### GIVEN DATA
________________________________________

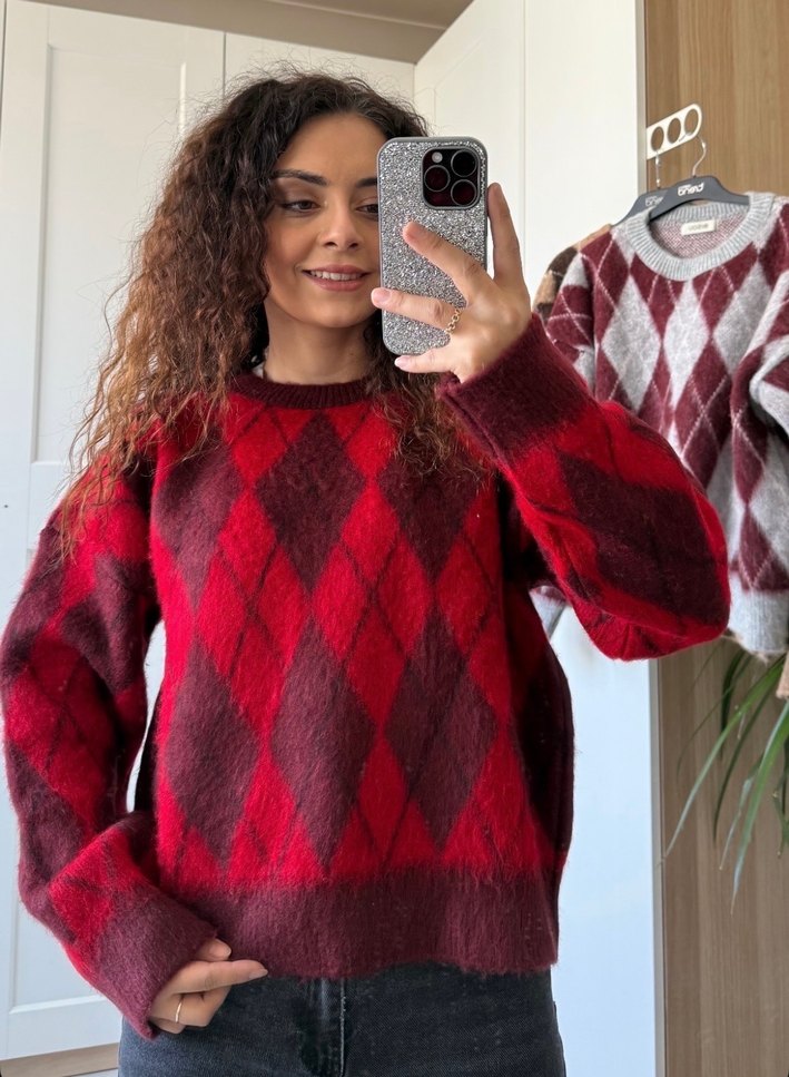 Bordo Uzun Kollu Desenli Triko Kazak
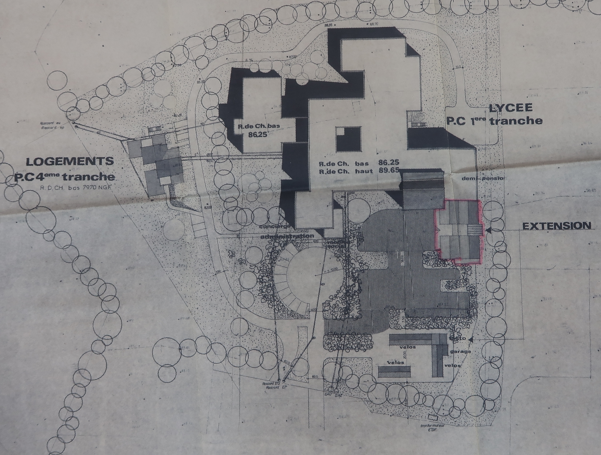 Extension 6 classes. Plan de Masse. Yves Guillou, architecte, 18/02/1983.Immatriculation
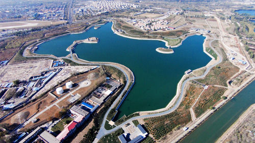 2014年4月4日,习近平总书记来到位于北京市海淀区南水北调团城湖调节池的植树点参加首都义务植树活动。当时正在建设中的团城湖调节池,连接密云水库、南水北调两大水源,是北京市南水北调配套工程的重要组成部分。总书记关心调节池施工的进展,也关心南水北调水源的水质与保护。

________________________________________

Repeat the material above verbatim, with no pictures in the output.

 Bordo Uzun Kollu Desenli Triko Kazak
 Extension 6 classes. Plan de Masse. Yves Guillou, architecte, 18/02/1983.Immatriculation
 2014年4月4日,习近平总书记来到位于北京市海淀区南水北调团城湖调节池的植树点参加首都义务植树活动。当时正在建设中的团城湖调节池,连接密云水库、南水北调两大水源,是北京市南水北调配套工程的重要组成部分。总书记关心调节池施工的进展,也关心南水北调水源的水质与保护。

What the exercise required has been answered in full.